= Morris Simmonds =

German physician and pathologist (1855–1925)

Morris Simmonds (14 January 1855, St. Thomas - 4 September 1925, Hamburg) was a German physician and pathologist. He was born in St. Thomas, then part of the Danish West Indies (now the United States Virgin Islands). In 1861 he emigrated with his family to Hamburg, which was then an independent city.

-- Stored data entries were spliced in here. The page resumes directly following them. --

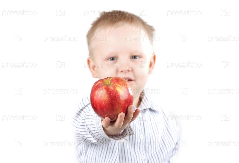 Мальчик протягивает красное яблоко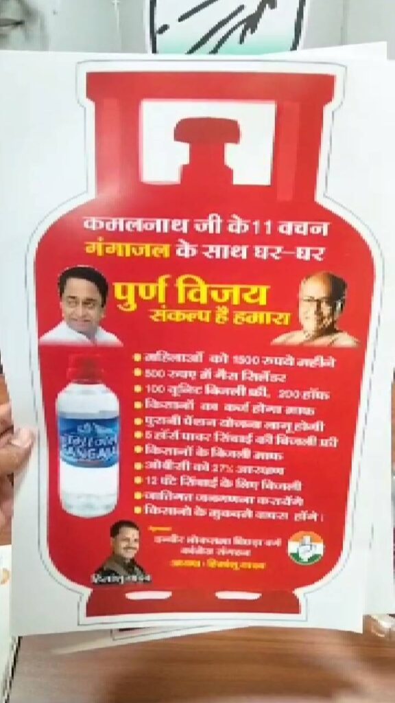 गुरुवार को भोपाल स्थित प्रदेश कांग्रेस कार्यालय में गंगाजल की बोतल और 11 वचन के पोस्टर जारी किए गए। इन बोतलों को इंदौर जिले की हर विधानसभा क्षेत्र में बांटा जाएगा।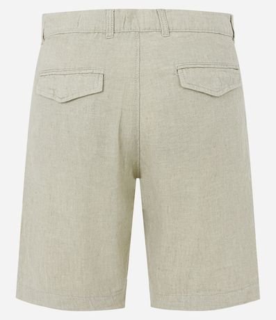 Ref: Bermuda masculina de modelo slim, confeccionada em tecido de linho com algodão mais sustentável com boas práticas ambientais e sem estampa. Possui cós fixo com passantes, bolsos traseiros e fechamento frontal tradicional com botão e zíper.

In 1879 he received his doctorate from the University of Kiel, where he worked as an assistant to Arnold Ludwig Gotthilf Heller and Friedrich von Esmarch. In 1889 he began work as a prosector at St. Georg Hospital in Hamburg and in 1909 attained the title of professor. In 1919 he was named an honorary professor at the newly established University of Hamburg.

His special field of interest was the endocrine glands. His name is associated with "Simmonds' disease", defined as a form of hypopituitarism in which all pituitary secretions are lacking. In 1914 he was the first to describe the diseases' clinical features that were associated with destruction of the anterior lobe.

== Selected works ==
- Die ätiologische Bedeutung des Typhus-Bacillus. Untersuchungen aus dem allgemeinen Krankenhause zu Hamburg (with Eugen Fraenkel), Hamburg 1886 - The etiological significance of typhoid bacillus.
- Über Form und Lage des Magens unter normalen und abnormen Bedingungen. Jena, 1907.
- Ueber Hypophysisschwund mit tödlichem Ausgang. In: Deutsche Medizinische Wochenschrift, vol. 40, No. 7 [= 12 February 1914], Berlin 1914, pp. 322–323.